→ WORK ORDER: Reproduce, word for word, the lines in the material below starting with the one that has "Lijnenplan van het" and going on through the one that has "Os presento este". Leave out all pictures.

___ RECORDS SHOWN

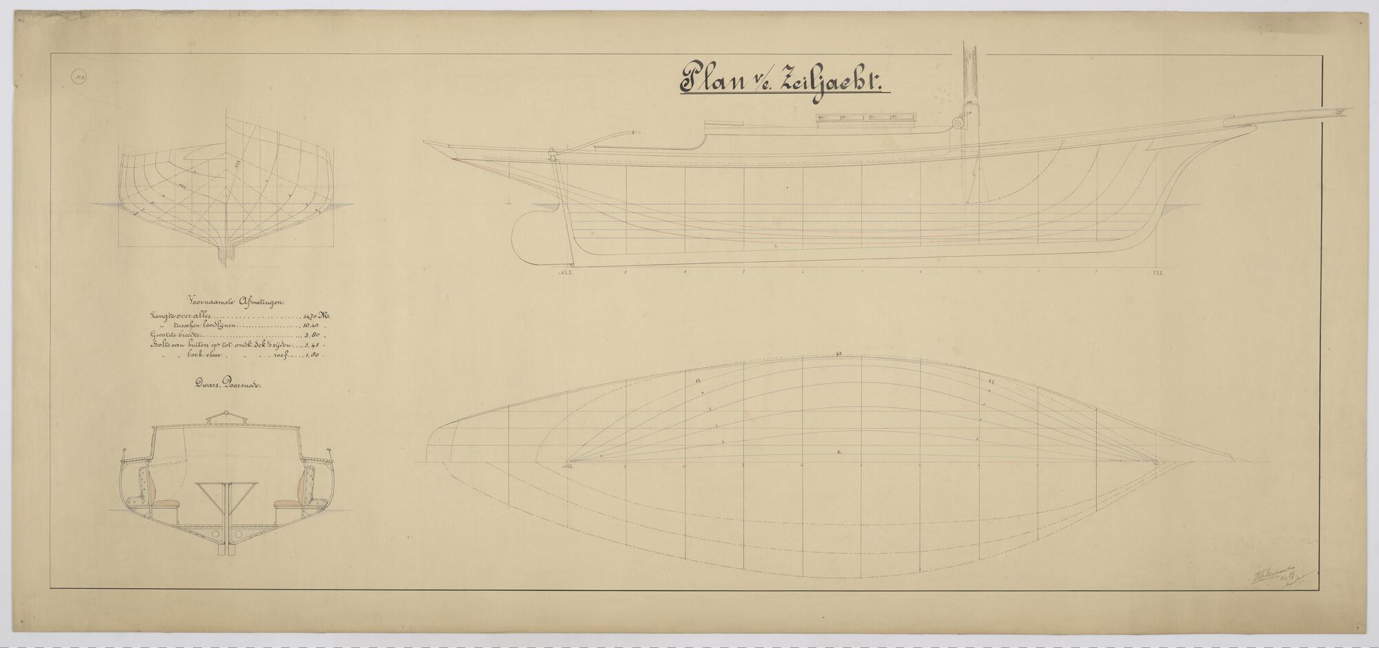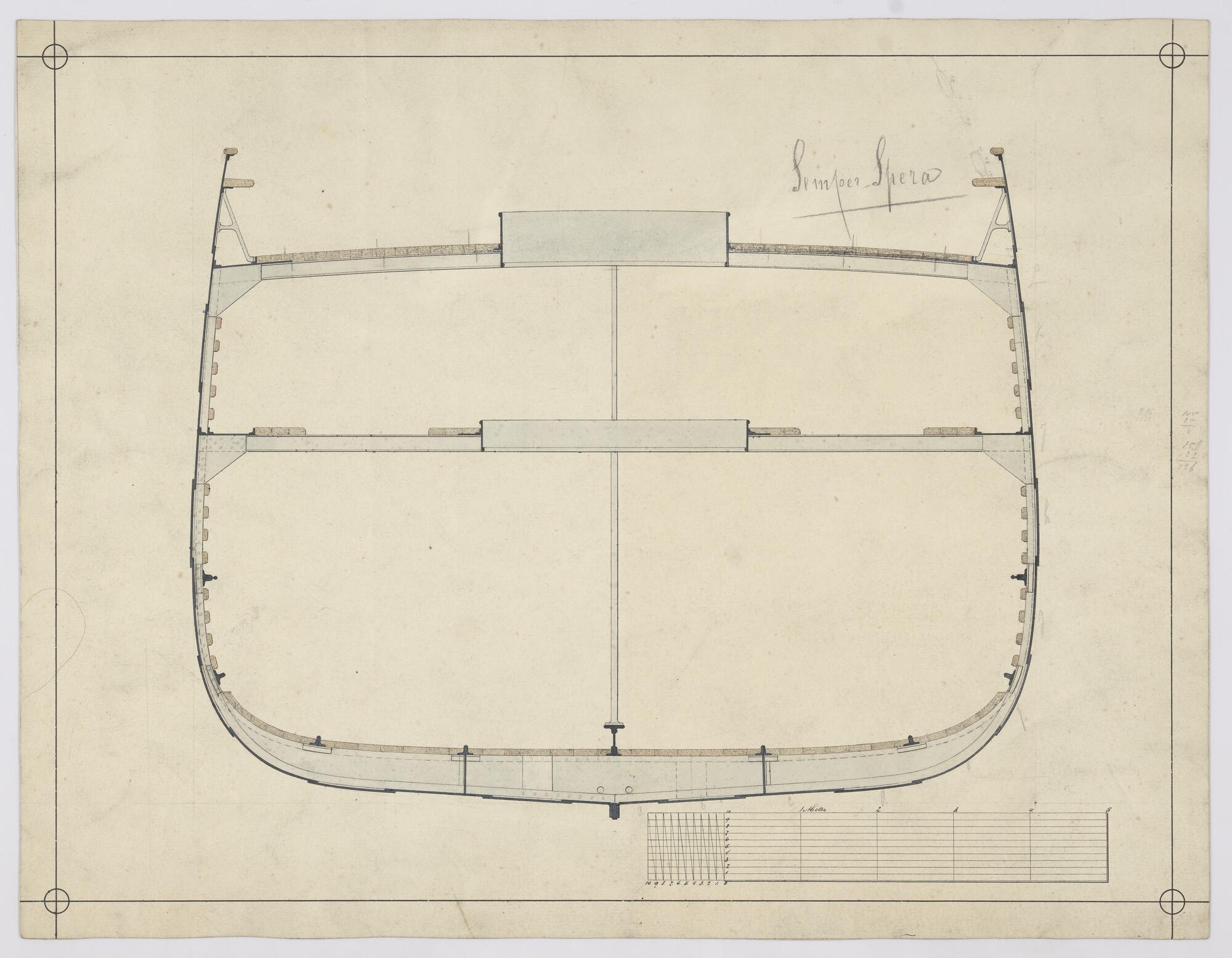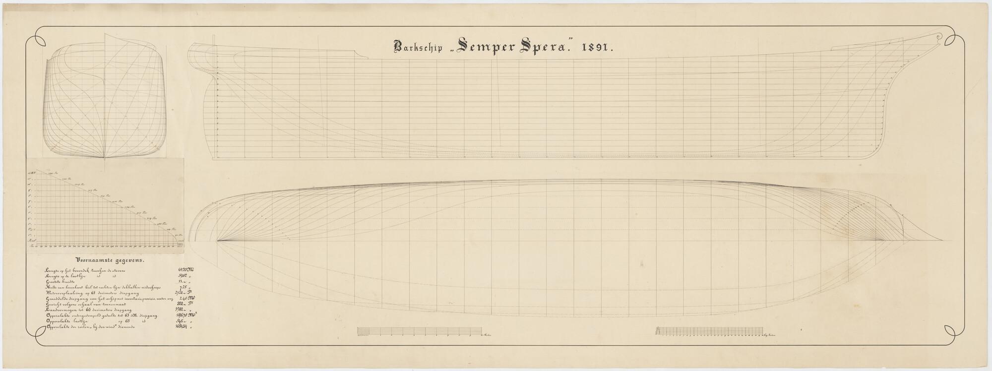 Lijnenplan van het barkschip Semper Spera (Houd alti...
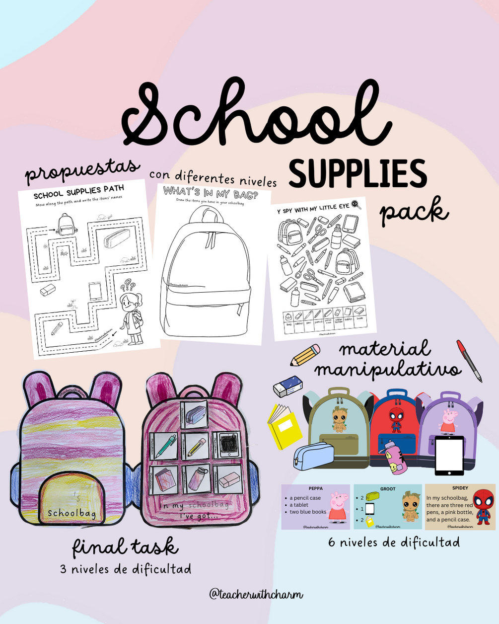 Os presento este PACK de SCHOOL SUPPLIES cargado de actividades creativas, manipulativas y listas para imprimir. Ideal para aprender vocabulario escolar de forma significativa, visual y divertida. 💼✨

______
___ RECORDS SHOWN

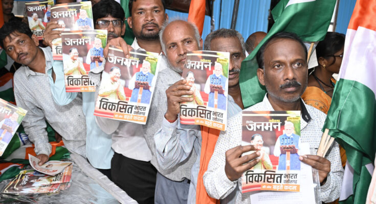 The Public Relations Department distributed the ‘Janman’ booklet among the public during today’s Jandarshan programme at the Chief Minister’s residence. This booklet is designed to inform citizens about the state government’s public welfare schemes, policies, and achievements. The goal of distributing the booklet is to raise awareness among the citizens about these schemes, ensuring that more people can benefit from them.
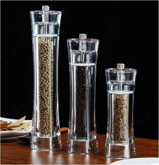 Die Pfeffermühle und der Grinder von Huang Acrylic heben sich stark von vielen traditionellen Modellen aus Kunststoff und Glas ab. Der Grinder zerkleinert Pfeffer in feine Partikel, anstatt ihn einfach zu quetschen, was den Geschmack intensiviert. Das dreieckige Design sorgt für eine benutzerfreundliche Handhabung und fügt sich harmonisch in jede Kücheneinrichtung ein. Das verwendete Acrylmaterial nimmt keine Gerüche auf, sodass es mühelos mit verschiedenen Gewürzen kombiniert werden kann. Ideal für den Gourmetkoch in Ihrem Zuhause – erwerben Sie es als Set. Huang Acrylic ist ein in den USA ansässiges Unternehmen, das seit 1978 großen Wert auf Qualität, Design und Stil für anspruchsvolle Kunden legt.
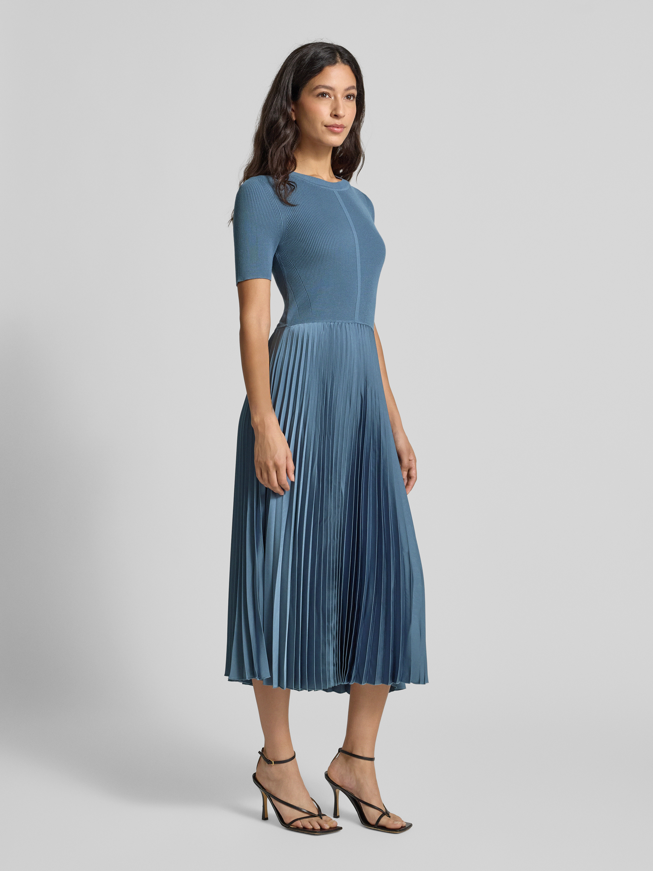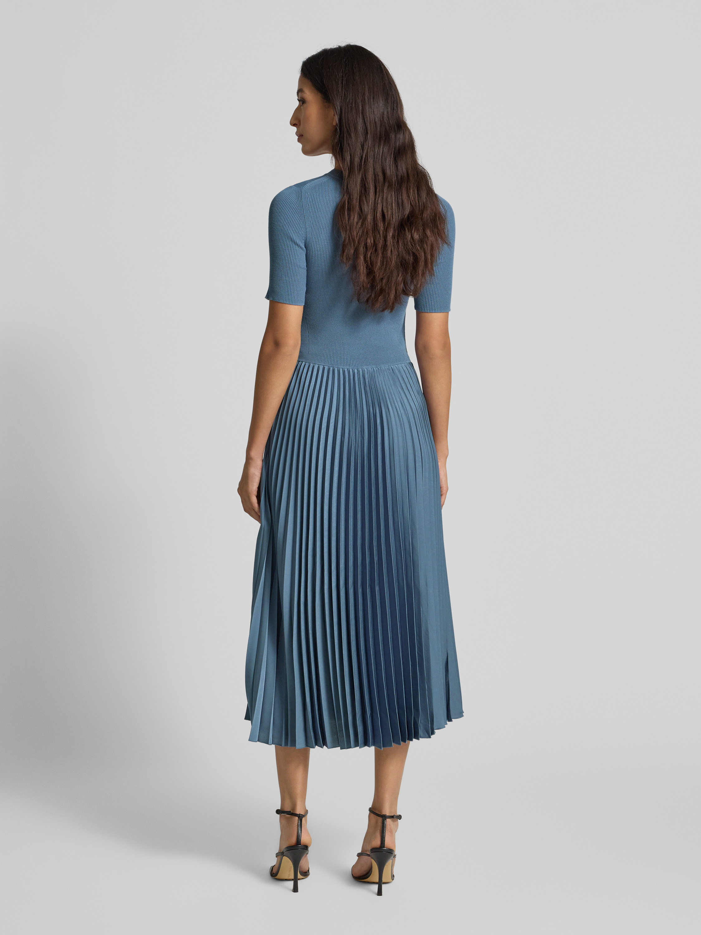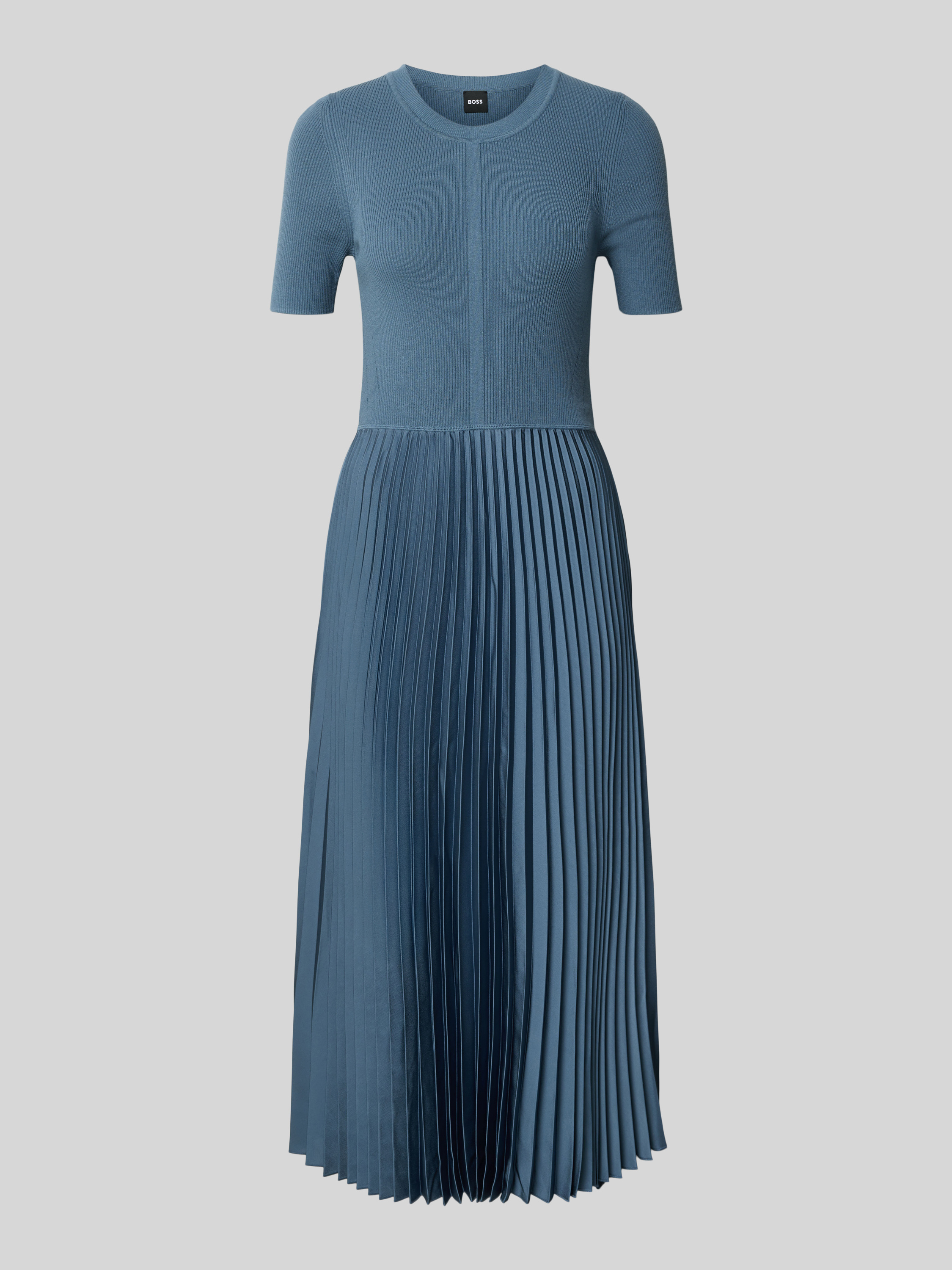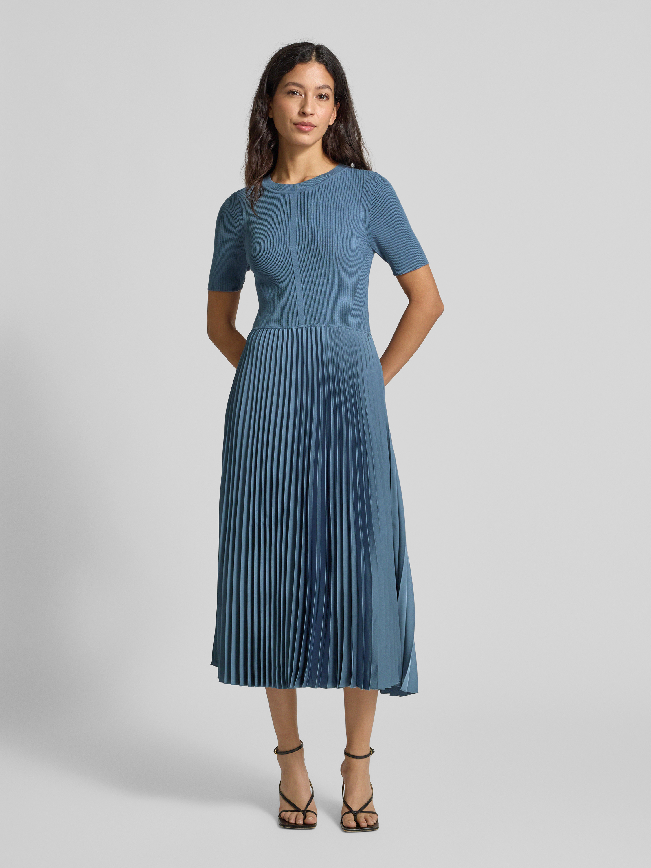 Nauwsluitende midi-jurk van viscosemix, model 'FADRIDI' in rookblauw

______

→ WRITTEN REPLY:
 Lijnenplan van het barkschip Semper Spera (Houd alti...
 Os presento este PACK de SCHOOL SUPPLIES cargado de actividades creativas, manipulativas y listas para imprimir. Ideal para aprender vocabulario escolar de forma significativa, visual y divertida. 💼✨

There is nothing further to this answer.